True Recursion/Inductive Step

For our inductive step, we need to make sure we know information about the children of N. So we assume that:

That is, we are in the following situation:

True Recursion

Now, the cases we succesfully resolved before will be successfully resovled again; these don’t take much effort to recheck, so we won’t discuss them again. Let’s return to the rest of the case where P’s sibling is a black node.

Finishing Case of P’s Sibling is Black

Now, we return to the beginning of the case of P’s sibling U being black. We have two cases to consider.

Node N is a Left Child of P

Consider the case that node N is a left child of P. In that case P’s right child is black (if it exists). After changing P to black we are in the following situation:

Solvable One Rotation

Recall that the next two steps it to change G to red and then rotate. When considering the result of our rotation, we have that the child-subtree B of G has a black root. Therefore, the red-black properties are fixed and we are done.

Node N is a Right Child of P

Consider the case that the node N is a right child of P. So we are in the following situation:

N is Right Child

In this case, if we continue as before, then N is the root node of the sub-tree B underneath G after the rotation. Then the red node G will have a red child, which violates one of the red-black properties.
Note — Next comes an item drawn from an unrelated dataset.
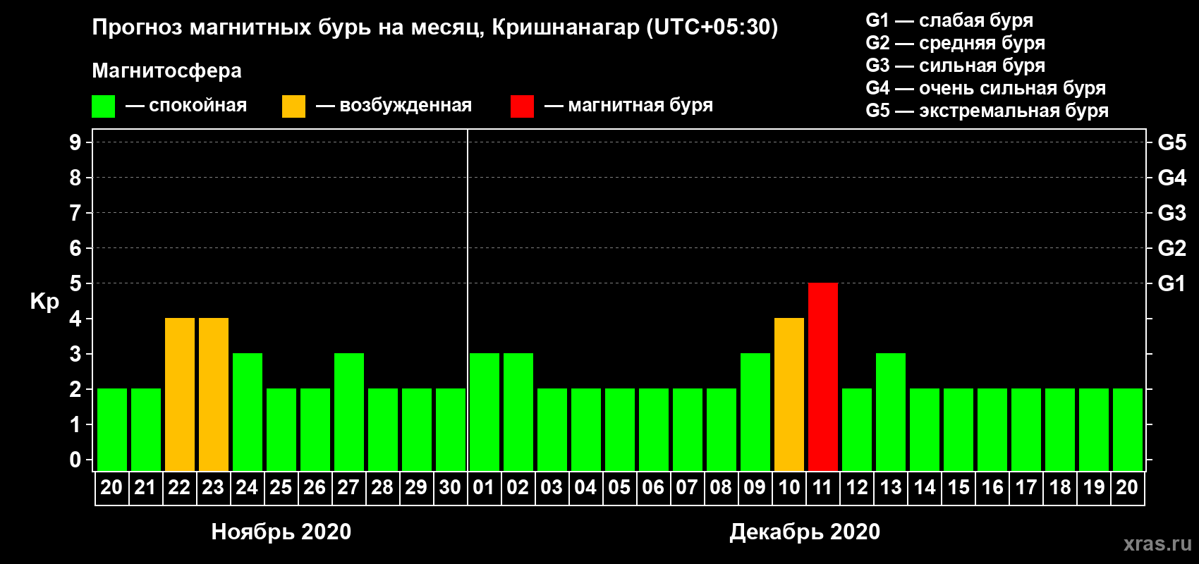 Прогноз магнитных бурь в Кришнанагаре — 20 ноября 2020 года

So, before we proceed with the steps we used before, we need to somehow put a black node where N is currently. We can do this without screwing up the black balance further by using a rotation about sub-tree B. After doing so we get:

After Rotation

Now the node N is the red parent of the red node P, but aside from this role reversal, we are in the previous case we considered before. So we color node N to get:

Black N on Top

Then we proceed as before by coloring G to be red and then performing a rotation to fix the black balance. The red-black properties will be fixed, and we are done.

Other Relative Positions

By symmetry we can consider the other possiblities for the positioning of the relative positions of N, P, and G. The important thing to note is that we need two rotations when N is inserted on the “inner most” possibility.